The downside of this approach is that it takes 1-3 minutes for the changes to take an effect. Continuous Delivery with Azure Load Balancer
If anybody can think of a faster (or instantaneous) solution for this, please let me know.
Upvotes: 3
Views: 1197
Reputation: 923
We ended up blocking connection between VMs and Load Balancer by creating Network Security Group rule with Deny action on Service Tag Load Balancer. Once we want that particular VM to be accessible again we switch the NSG rule from Deny to Allow.
The downside of this approach is that it takes 1-3 minutes for the changes to take an effect. Continuous Delivery with Azure Load Balancer
If anybody can think of a faster (or instantaneous) solution for this, please let me know.
Upvotes: 1
Reputation: 704
I had exactly the same requirement in an Azure environment which I built a few years ago. Azure Front Door didn't exist, and I had looked into using the Azure API to automate the process of adding and removing backend servers the way you described. It worked sometimes, but I found the Azure API was unreliable (lots of 503s reconfiguring the load balancer) and very slow to divert traffic to/from servers as I added or removed them from my cluster.

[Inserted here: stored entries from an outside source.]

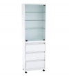 Шкаф одностворчатый для медицинских учреждений. Верхнее отделение дверца стекло, 3 полки стекло. Нижнее отделение 3 ящика на телескопических направляющих. Оснащен регулировочными опорам. Окраска порошковая полимерная.
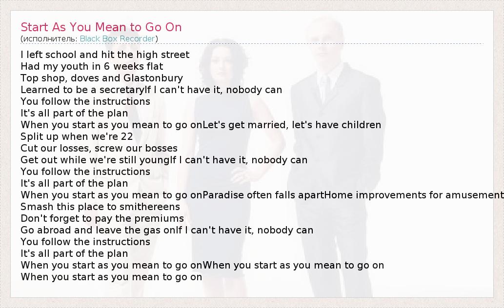 А как ты думаешь, о чем песня "Start As You Mean to Go On" ?
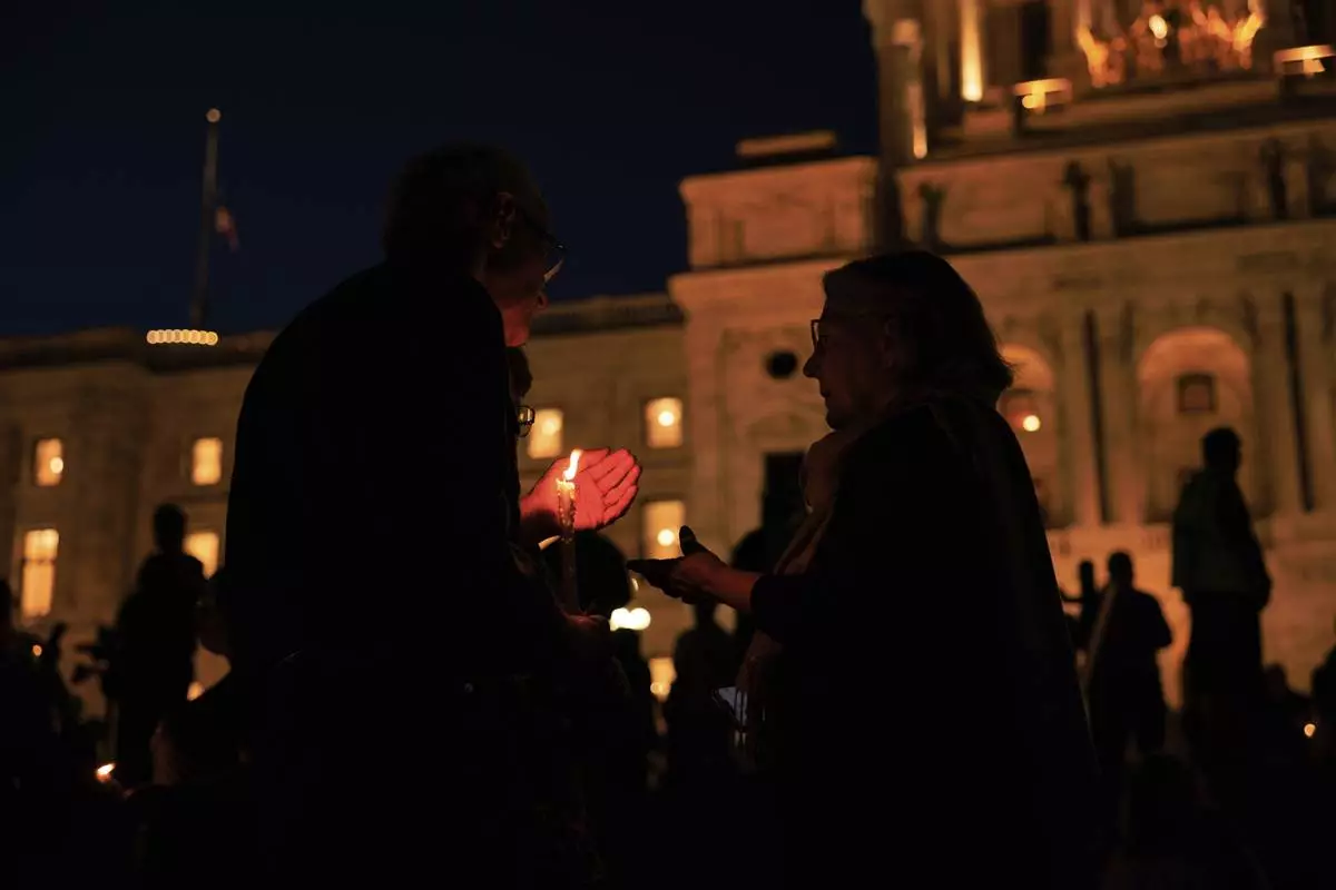 A candlelight vigil for former House Speaker Melissa Hortman and her husband Mark, who were fatally shot, at the state Capitol, Wednesday, June 18, 2025, in St. Paul, Minn. (AP Photo/Nikolas Liepins)
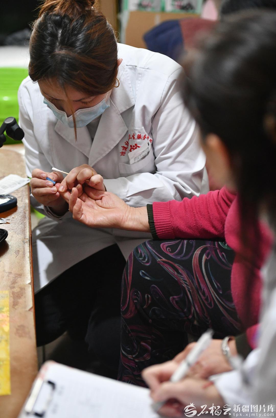 2025年11月10日,乌鲁木齐高新区(新市区)冶建社区卫生服务中心工作人员在居民家中测血糖。天山网-新疆日报记者 邹懿摄

The solution that follows probably won't be well received if you are looking for an answer which purely relies upon Azure resources, but this is what I devised:
I configured an Azure load balancer with the simplest possible HTTP and HTTPS round-robin load balancing of requests on my external IP to two small Azure VMs running Debian with HAProxy. I then configured each HAProxy VM with backends for the actual IIS servers. I configured the two HAProxy VMs in an availability set such that Microsoft should not ever reboot them simultaneously for maintenance.
HAProxy is an excellent and very robust load balancer, and it supports nearly every imaginable load balancing scenario, and crucially for your question, it also supports listening on a socket to control the status of the backends. I configured the following in the global section of my haproxy.cfg:
global
log /dev/log local0
log /dev/log local1 notice
chroot /var/lib/haproxy
stats socket /run/haproxy/admin.sock mode 660 level admin
stats socket [email protected]:9001 level admin
stats timeout 30s
user haproxy
group haproxy
daemon
In my example, 192.168.95.100 is the first HAProxy VM, and 192.168.95.101 is the second. On the second server, these lines would be identical except for its internal IP.

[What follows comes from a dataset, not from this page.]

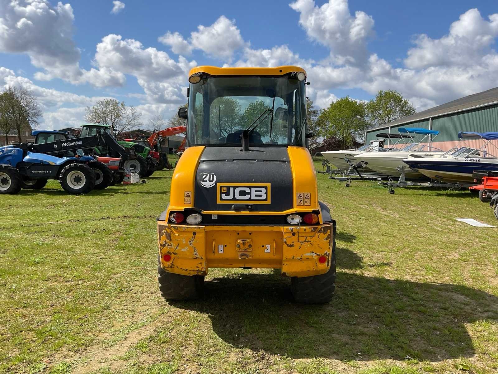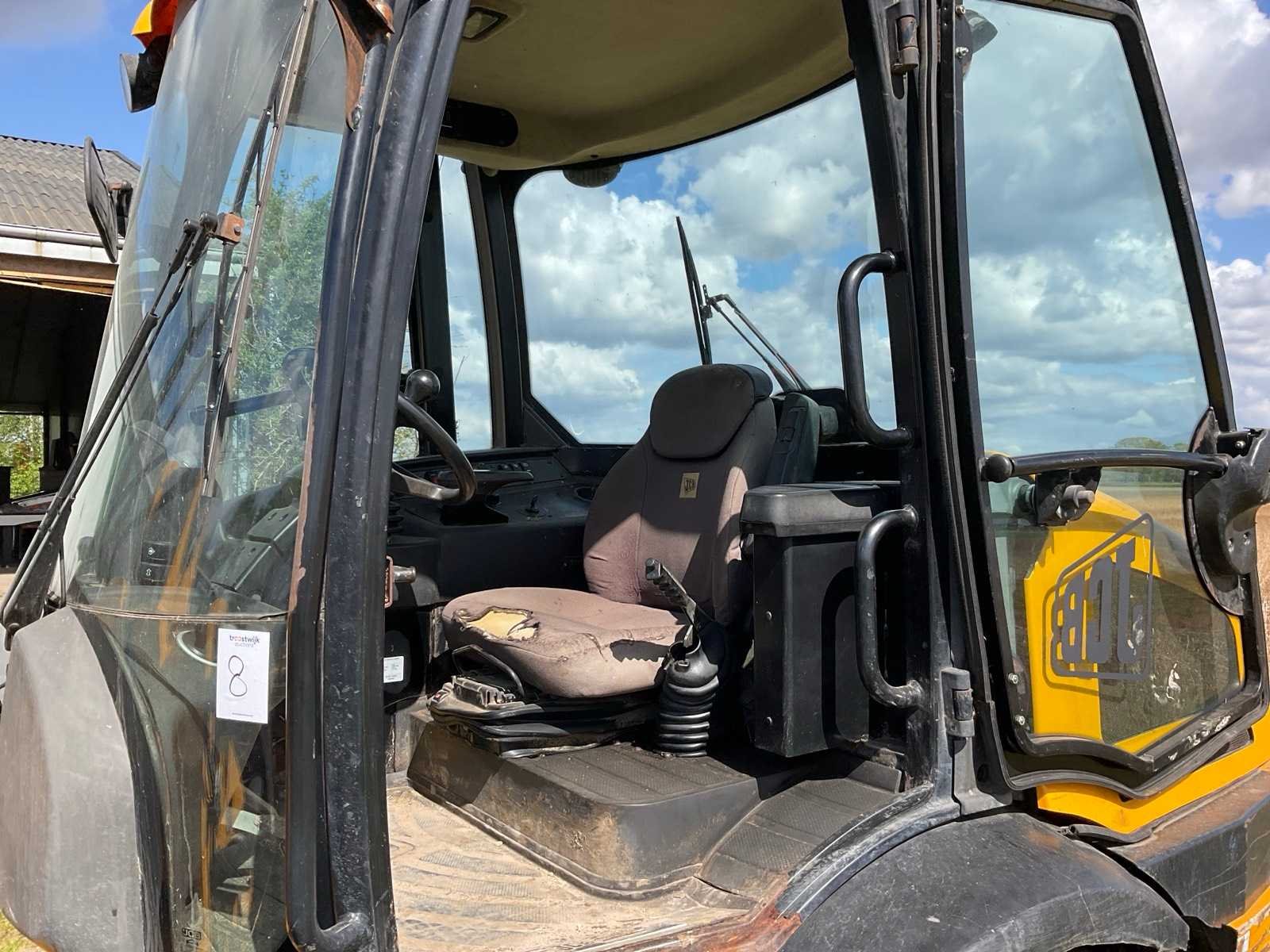 Voorzien van laadbak met klem, urenstand Merk: JCB Type: Compact Wheeled Bouwjaar: 2018 Serienummer: 938 Merk motor: Kohler Aantal cilinders: 4 Brandstof: Diesel Graafbak afm. l: 700mm Graafbak afm. b: 2000mm Graafbak afm. h: 600mm Bandenmaat: 400/70R20 Afgelezen urenstand: 9876

Let's say you have an HAProxy frontend and backend for your HTTPS traffic to two web servers, ws1pro and ws2pro with the IPs 192.168.95.10 and 192.168.95.11 respectively. For simplicity sake, I'll assume we don't need to worry about HTTP session state differences across the two servers (e.g. Out-of-Process session state) so we just divert HTTPS connections to one node or the other:
listen stats
bind *:8080
mode http
stats enable
stats refresh 10s
stats show-desc Load Balancer
stats show-legends
stats uri /
frontend www_https
bind *:443
mode tcp
option tcplog
default_backend backend_https
backend backend_https
mode tcp
balance roundrobin
server ws1pro 192.168.95.10:443 check inter 5s
server ws2pro 192.168.95.11:443 check inter 5s
With the configuration above, since both HAProxy VMs are listening for admin commands on port 9001, and the Azure load balancer is sending the client's requests to either VM, we need to tell both servers to disable the same backend.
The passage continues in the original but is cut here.